Kudos 👏 to reach till here.
In the previous article, we were implementing in-memory authentication in Spring security. But what if we need to connect to a datasource instead of an in-memory.
In this article, we’ll fo throught JDBC authentication.
Most of the concept is same as before, the only difference is setting up a jdbc authentication in the configure method.
Below is the code —
@EnableWebSecurity public class SecurityConfig extends WebSecurityConfigurerAdapter { @Override protected void configure (AuthenticationManagerBuilder auth) { auth.jdbcAuthentication(); } @Override protected void configure (HttpSecurity http) { http.authorizeRequests() .antMatchers("/admin").hasRole("ADMIN"). .antMatchers("/user").hasAnyRole("ADMIN","USER"). .antMatchers("/**").permitAll(). .hasAnyRole(); } }
Now, we need to setup our authentication to tell Spring Security to lookup the user and password in the database.
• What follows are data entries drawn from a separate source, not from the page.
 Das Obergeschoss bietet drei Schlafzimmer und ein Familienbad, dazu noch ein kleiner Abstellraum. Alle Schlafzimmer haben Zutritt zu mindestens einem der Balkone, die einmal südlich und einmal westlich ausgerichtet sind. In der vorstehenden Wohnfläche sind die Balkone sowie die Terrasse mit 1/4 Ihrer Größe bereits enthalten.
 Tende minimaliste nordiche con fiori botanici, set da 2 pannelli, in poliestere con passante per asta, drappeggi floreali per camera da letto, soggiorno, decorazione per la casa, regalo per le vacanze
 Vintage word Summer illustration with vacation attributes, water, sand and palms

To do so, we need a bean for data source. By default, Spring security provides DataSource class which we can autowire in our project.
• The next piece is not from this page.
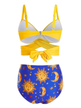 Style: Fashion Swimwear Type: Tankini Gender: For Women Material: Polyester,Polyurethane Bra Style: Padded Support Type: Wire Free Neckline: Straps Pattern Type: Moon,Star,Sun Embellishment: Criss-Cross Waist: High Waisted Elasticity: Elastic Season: Summer Weight: 0.2200kg Package Contents: 1 x Top 1 x Briefs
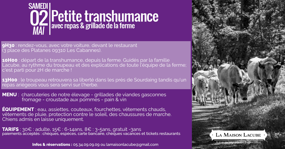 1:00 pm: the herd regains its freedom in the Sourdaing meadows, while an Ariège-style meal is served on the grass.

@Autowired DataSource datasource; @Override protected void configure (AuthenticationManagerBuilder auth) { auth.jdbcAuthentication() .dataSource(dataSource); }
But how does the spring knows the configuration of the data source.
We must configure it somewhere or else if we’re using H2 which is in-memory database, then spring by default creates a datasource.
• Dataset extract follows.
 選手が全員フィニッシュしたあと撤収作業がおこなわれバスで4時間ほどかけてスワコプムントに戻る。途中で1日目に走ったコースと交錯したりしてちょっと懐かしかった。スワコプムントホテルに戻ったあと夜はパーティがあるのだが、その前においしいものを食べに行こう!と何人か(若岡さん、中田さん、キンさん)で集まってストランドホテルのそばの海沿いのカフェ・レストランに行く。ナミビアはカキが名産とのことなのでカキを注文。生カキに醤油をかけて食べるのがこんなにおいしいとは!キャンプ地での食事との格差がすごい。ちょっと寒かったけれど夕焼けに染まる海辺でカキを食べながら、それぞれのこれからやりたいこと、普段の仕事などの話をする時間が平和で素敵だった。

For now, lets assume we have H2 in our class path.
@Autowired DataSource datasource; @Override protected void configure (AuthenticationManagerBuilder auth) { auth.jdbcAuthentication() .dataSource(dataSource); .dataSource(dataSource) .withDefaultSchema() .withUser( user.withUserName("user") .password("pass") .roles("USER") .withUserName("admin") .password("pass") .roles("ADMIN") ); }
In the above code, we’re using a default schema and creating the users.
When a client sends a request along with a password, the authentication configuration creates these 2 users and checks do the user in request matches to these. Hence authenticating the request.
Now, what if we already have a schema or we don’t want to use the default schema and you don’t want to put user creation logic in the code?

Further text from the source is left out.